*** Opening of Data provided ***
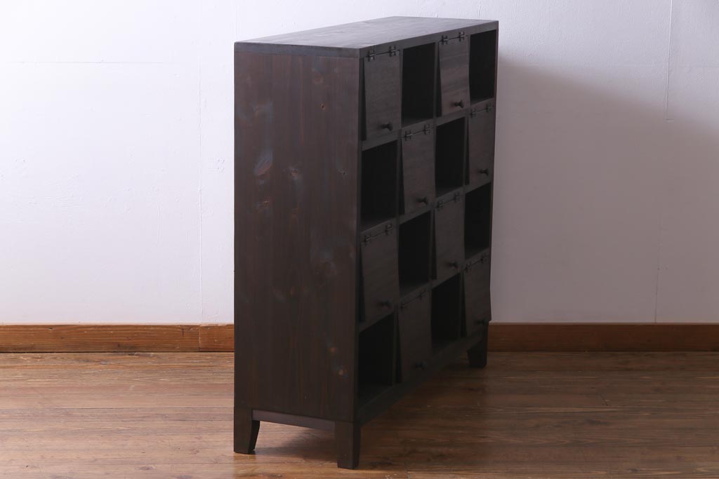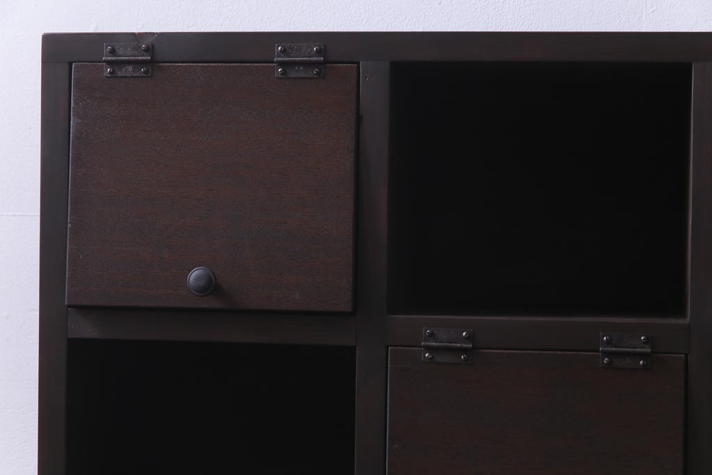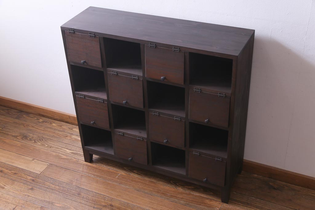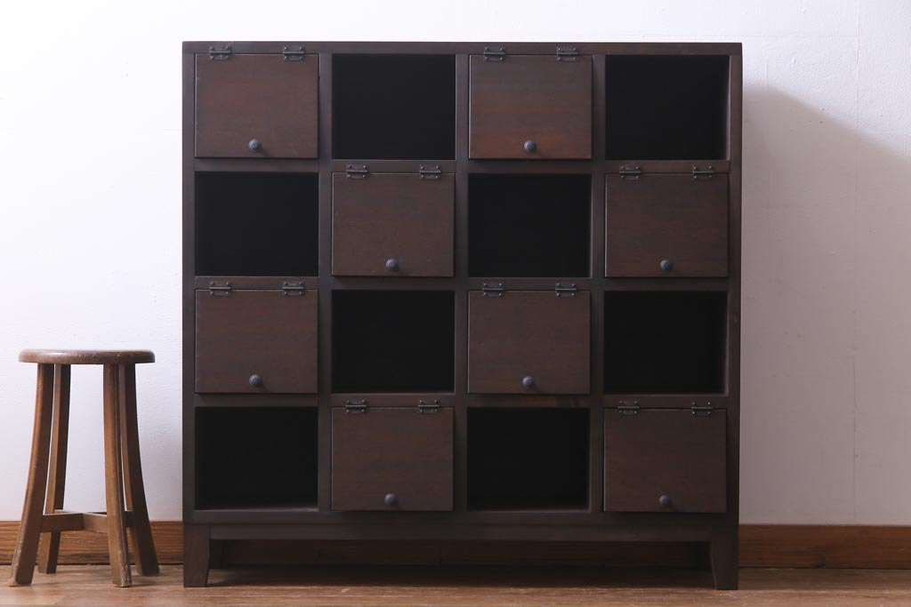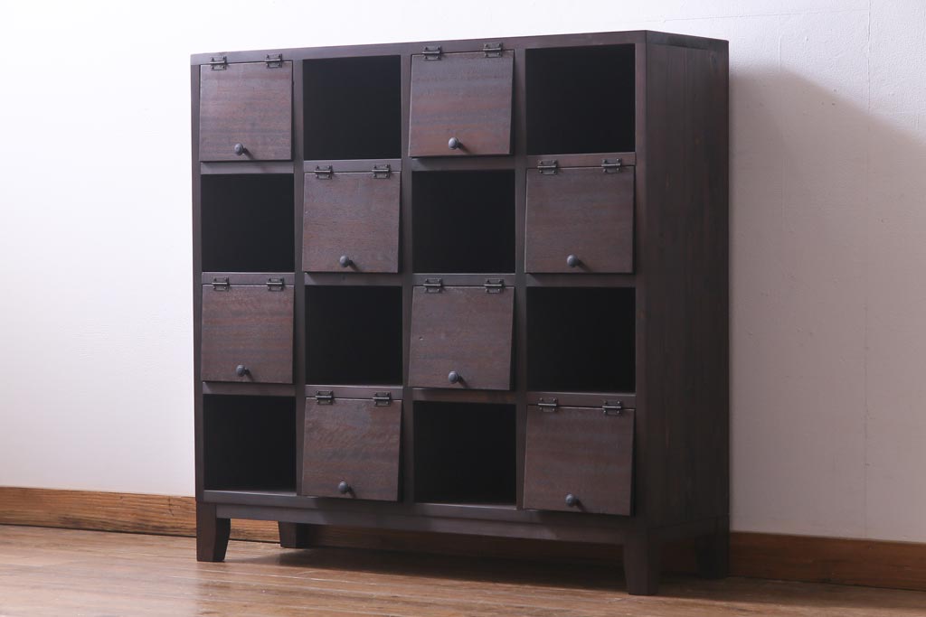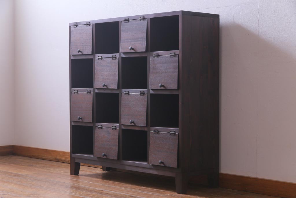ラフジュ工房オリジナル 古材リメイク 4×4マス 互い違いのパタパタ扉がお洒落な脚付きマス目棚(収納棚)(1)
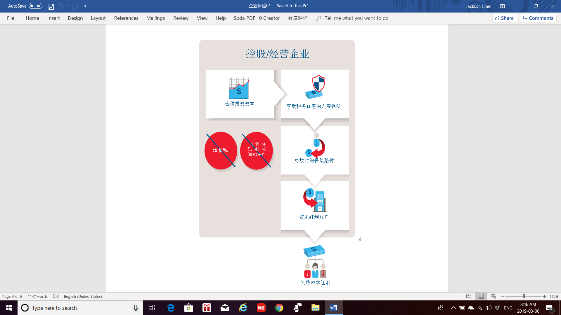 • 减低公司的年度税款。假如您的企业有应税投资,您可将部分资金转到分红保险中。保单内的资金免税增长,而不会增加您公司每年的税款。
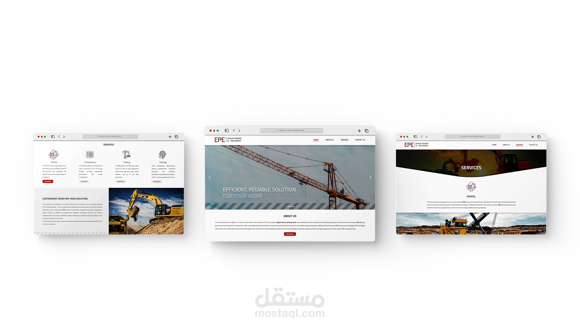 تصميم واجهات موقع Eagles Power & Equipment
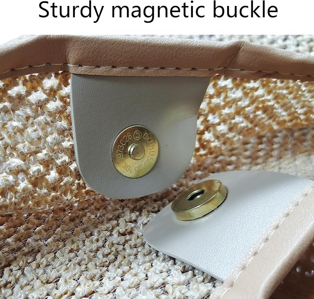 تصميم عصري: حقيبة منسوجة غير مبطنة، إغلاق مغناطيسي علوي، حزام كتف قوي يجعل حقيبة الشاطئ ذات المصاصة متينة وناعمة للحمل. حقيبة منسوجة بها مساحة كافية للضروريات اليومية.
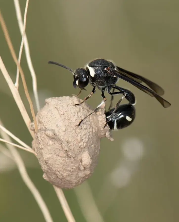 These wasps also have transparent, dark wings. An effective way to identify them is their nests. They build their nests with mud, hence the name. Unlike other wasps, they are not aggressive.
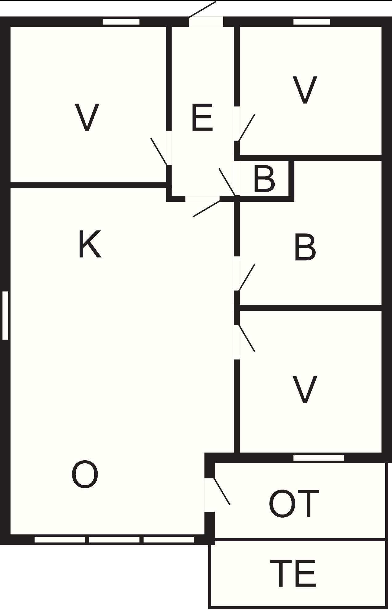 3 Soveværelser: (1DS)+(2S)+(2S), barneseng
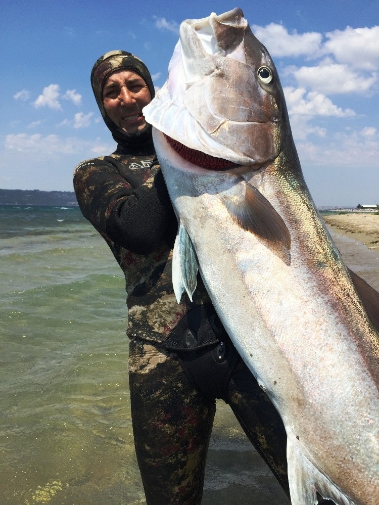 Yaklaşık 30 yıldır serbest dalış zıpkınla balık avcılığı yaptığını ifade eden Müjdat Turan, “Bugünde(dün) normalde sabah suyu yapmam gerekirdi biraz geç kaldım. Saat 12.00 sularında suya girdim. Yaklaşık 8-9 knot esen fırtınada dalmaya karar verdim. Benim her zaman avladığım akya merasına gittim. Tabi bu sert havadan dolayı çok şiddetli akıntılar vardı. Merada yaklaşık 30 metre derinlik ve orta suda avladım balığı. İlk baş bunlar iki tane geldiler, önce meradaki yem popülasyonunu görünce burada bir avcı olduğunu hissettim ve örümcek tekniği dediğimiz bir teknikle balığı avlamayı başardım. Balığa zıpkın attıktan sonra boğazın orta sularına gemi yoluna yakın mesafelere balık beni sürükledi. Çünkü çok ciddi güçlü bir balık. 68 kilo civarında. Tabi bu kadar büyük balığı ben ilk defa vuruyorum. Bu balık Türkiye rekoru. Daha önce 60-65 kilo vuran arkadaşlarımız var Türkiye’de. Bu kadar güçlü bir balıkla yaklaşık 2 saat mücadele ettim. 2 saat sonunda balığı kıyıya çekmeyi başardım” dedi.
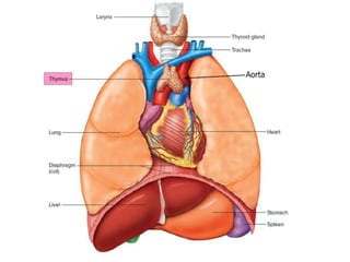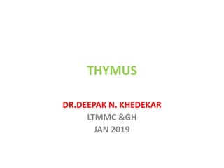 The thymus is a primary lymphoid organ located in the superior mediastinum. It plays a key role in T cell development and maturation. The thymus has an outer capsule and is divided into lobules containing cortex and medulla regions. The cortex contains densely packed developing T cells and epithelioreticular cells. The medulla is less cellular and contains Hassall's corpuscles. Developing lymphocytes interact with epithelioreticular cells, which provide structural support and signals to guide T cell maturation.
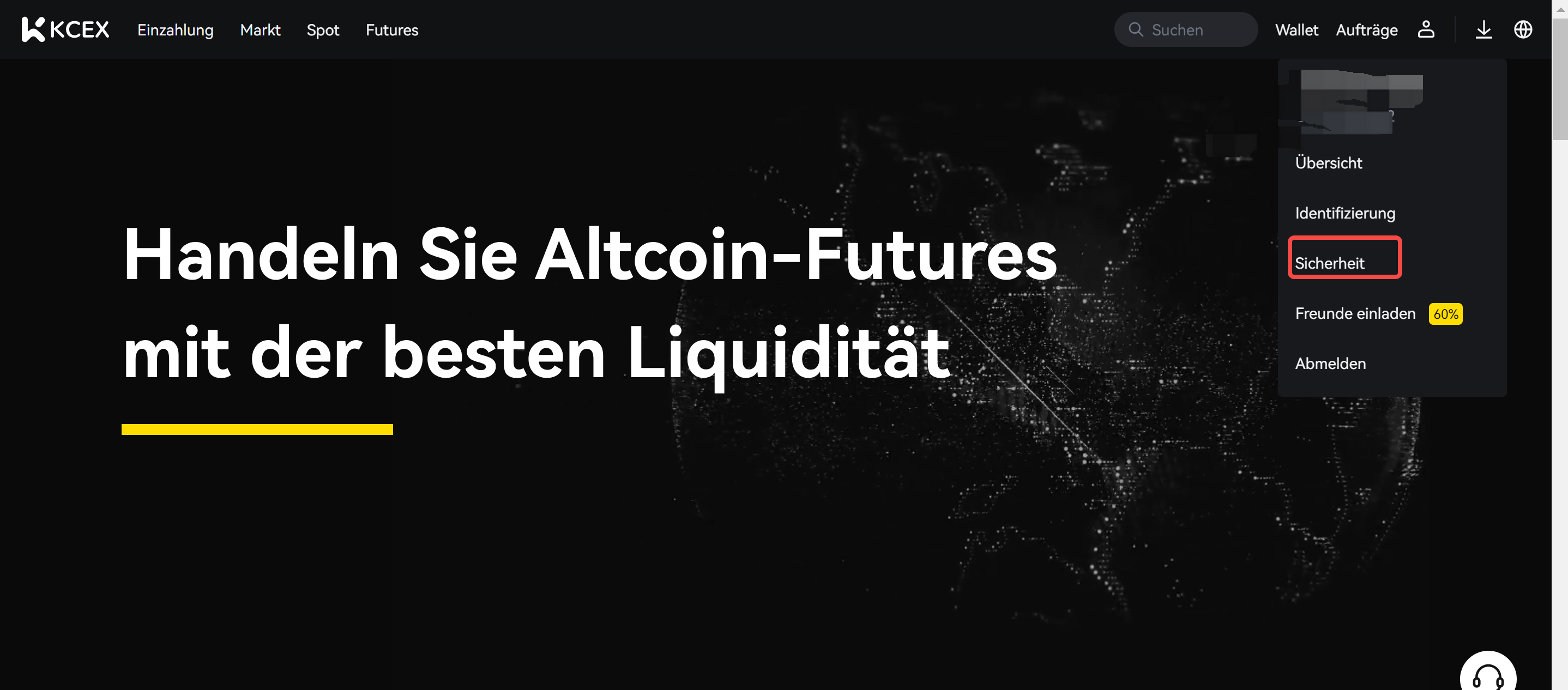 1. Melden Sie sich auf der offiziellen KCEX-Website an, bewegen Sie den Mauszeiger über das Benutzersymbol und klicken Sie auf [Sicherheit].
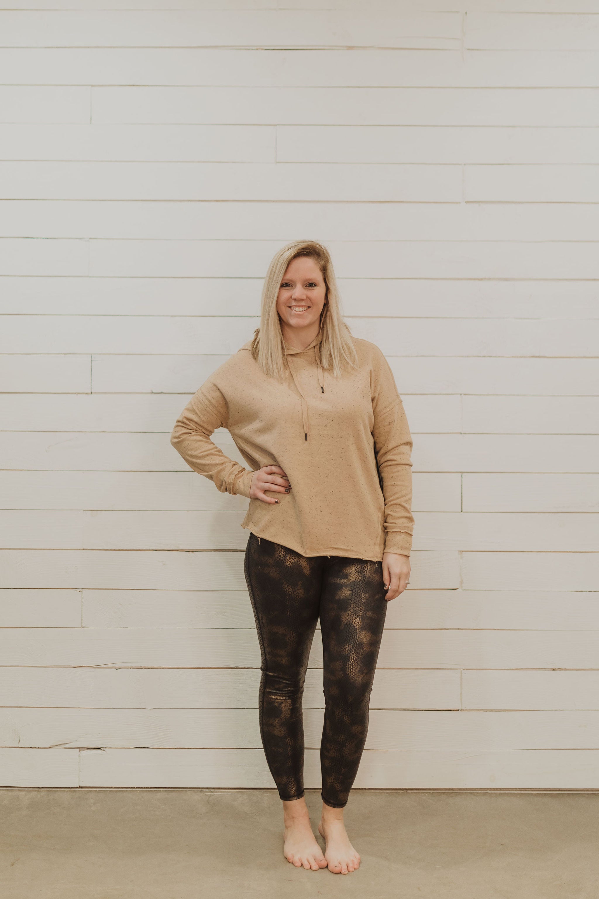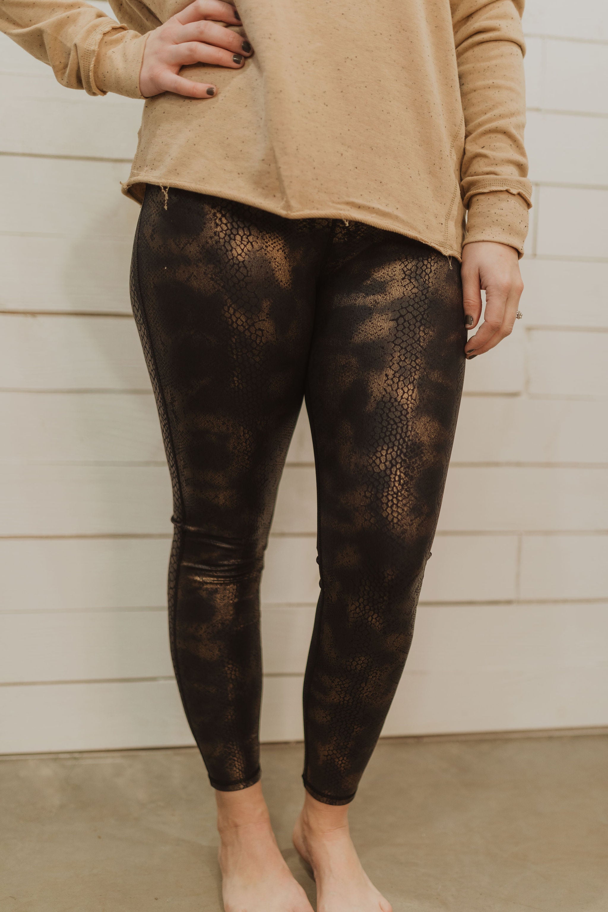 Cute black leggings with snake foil imprint. Pairs perfect with a black or cream sweatshirt
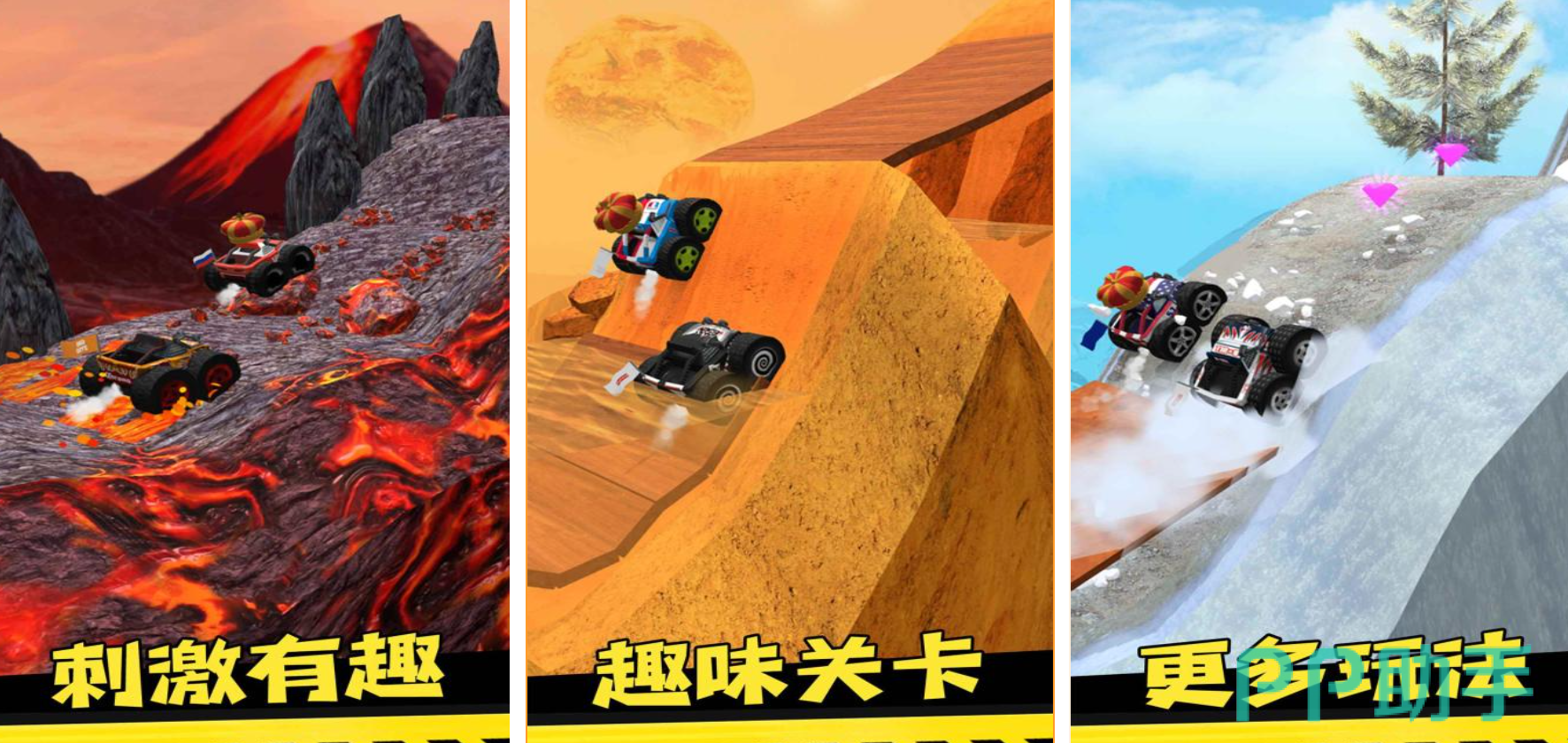 本作融合高速对抗与多变地貌,强调车辆在复杂坡道、连续发卡弯及起伏山脊上的动态平衡控制。玩家可切换山地、城市等主题赛道,不同地面材质(如碎石、泥沼、沥青)触发差异化的抓地力与悬挂反馈。油门精度成为通关关键,尤其在陡坡急刹与沙地漂移场景中,需实时预判重心偏移趋势。
*** Close of Data provided ***
### Task statement
Leave out all pictures and output each line exactly, from the top of the records through the line that holds "تصميم عصري: حقيبة".

### Expected answer
ラフジュ工房オリジナル 古材リメイク 4×4マス 互い違いのパタパタ扉がお洒落な脚付きマス目棚(収納棚)(1)
 • 减低公司的年度税款。假如您的企业有应税投资,您可将部分资金转到分红保险中。保单内的资金免税增长,而不会增加您公司每年的税款。
 تصميم واجهات موقع Eagles Power & Equipment
 تصميم عصري: حقيبة منسوجة غير مبطنة، إغلاق مغناطيسي علوي، حزام كتف قوي يجعل حقيبة الشاطئ ذات المصاصة متينة وناعمة للحمل. حقيبة منسوجة بها مساحة كافية للضروريات اليومية.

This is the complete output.